Пастырь Добрый - Фомин Сергей Владимирович. Страница 158

   — Можешь иметь свою волю, свои желания?

   — Нет.

   — Кем он является для тебя?

   — Ангелом, посланным с неба.

   — Он может делать с тобой, что хочет?

   — Может.

   — Он пошлет тебя на смерть?

   — Может.

   — На крестную смерть?

   — Может.

   О. Алексей весь наклонился ко мне и, не сводя с меня глаз, медленно проговорил:

   — И ты пойдешь? — Мгновенно в душе моей что–то дрогнуло и я в порыве любви и восторга горячо сказала:

   — Пойду, батюшка, пойду.

   Молнией вспыхнуло что–то в о. Алексее и потухло. Я задумалась и всем существом своим, глядя в упор на него, медленно произнесла:

   — Пойду!

   О. Алексей отвернулся и сказал:

   — Помни, что это все ты говорила не кому другому, а о. Алексею.

   — Да, батюшка, знаю.

   Он посмотрел на меня внимательно, как бы изучая, насколько вошло в меня его учение, и сказал:

   — А в чем вы просили прощения у о. Константина?

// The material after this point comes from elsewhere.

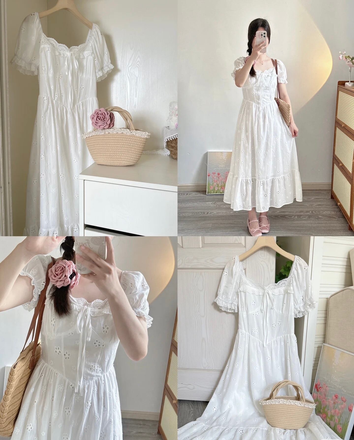 フレンチスタイルを演出する、上品な花柄レースワンピースが登場しました。胸元のリボンアクセントやスクエアネックが、女性らしい優雅さを引き立てます。華やかな花柄が気品漂う装いを演出し、特別な日のお出かけやパーティーにぴったりです。

   Я удивилась, но покорно ответила:

   — В том, что сделала постом.

   — А что вы сделали постом?

   Я все так же покорно сказала:

   — Хотела бросить духовную жизнь и уйти от него.

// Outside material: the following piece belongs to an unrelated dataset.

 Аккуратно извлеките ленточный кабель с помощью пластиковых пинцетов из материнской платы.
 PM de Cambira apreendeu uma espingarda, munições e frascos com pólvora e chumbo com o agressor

   Воля моя была сломлена: о. Алексей мог заставить меня делать и говорить все, что только ему ни вздумалось бы.

   — Идите, и просите прощения у о. Константина, если только он простит вас.

   Я поняла, что нужно было вновь каяться в своем проступке полностью. Молча повалилась батюшке в ноги и поцеловала его руку. Он не пошевельнулся.

   Опять пошла к о. Константину. Все ему рассказала и вновь каялась в своем проступке.

   — Однако о. Алексей! Ну, уж и батюшка! — улыбаясь и качая головой, проговорил он. — Бог простит, а я вас давно простил.

   И сколько раз я ни ходила к батюшке, а это было чуть ли не ежедневно, он всегда после того как благословит или поговорит о деле, или вообще о том, что нужно, спрашивал: простил ли о. Константин, какой он хороший, какая я плохая, что я сделала; впредь как я должна была вести себя. И от него шла всегда просить прощения у о. Константина.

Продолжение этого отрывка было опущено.